CVE-2026-28969
Use After Free in Apple iOS and iPadOS
Publication date: 2026-05-11
Last updated on: 2026-05-11
Assigner: Apple Inc.
Description
Description
CVSS Scores
EPSS Scores
| Probability: | |
| Percentile: |
Meta Information
Affected Vendors & Products
| Vendor | Product | Version / Range |
|---|---|---|
| apple | ios | 18.7.9 |
| apple | ipados | 18.7.9 |
| apple | ios | 26.5 |
| apple | ipados | 26.5 |
| apple | macos_sequoia | 15.7.7 |
| apple | macos_sonoma | 14.8.7 |
| apple | macos_tahoe | 26.5 |
| apple | tvos | 26.5 |
| apple | visionos | 26.5 |
| apple | watchos | 26.5 |
Helpful Resources
Exploitability
| CWE ID | Description |
|---|---|
| CWE-UNKNOWN |
Attack-Flow Graph
AI Powered Q&A
Can you explain this vulnerability to me?
This vulnerability is a use after free issue, which means that a program continues to use memory after it has been freed. This can lead to unpredictable behavior or crashes. In this case, the issue was addressed by improving memory management in various Apple operating systems.
Specifically, an app may be able to cause unexpected system termination due to this vulnerability.
How can this vulnerability impact me? :
The vulnerability can allow an app to cause unexpected system termination, which means your device or system could crash or restart unexpectedly. This can disrupt normal use and potentially lead to data loss or instability.
What immediate steps should I take to mitigate this vulnerability?

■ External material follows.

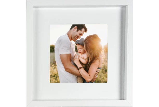 Dřevěný fotorám na 8 fotografií – 3× 15×24 cm a 2× 14×14 cm. Rám v bílém provedení skvěle doladí každou stěnu.
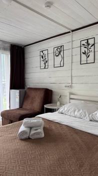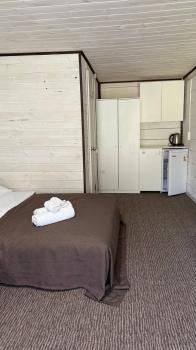 - Кровать 2-спальная (1,4*2,0 м), доп. место - раскладная кровать (по запросу, 1000 руб/сутки)

To mitigate this vulnerability, update your Apple devices to the fixed versions of the operating systems as soon as possible.
- Update iOS devices to iOS 18.7.9 or iOS 26.5.
- Update iPadOS devices to iPadOS 18.7.9 or iPadOS 26.5.
- Update macOS devices to macOS Sequoia 15.7.7, macOS Sonoma 14.8.7, or macOS Tahoe 26.5.
- Update tvOS devices to tvOS 26.5.
- Update visionOS devices to visionOS 26.5.
- Update watchOS devices to watchOS 26.5.
These updates include improved memory management that addresses the use after free issue which could cause unexpected system termination.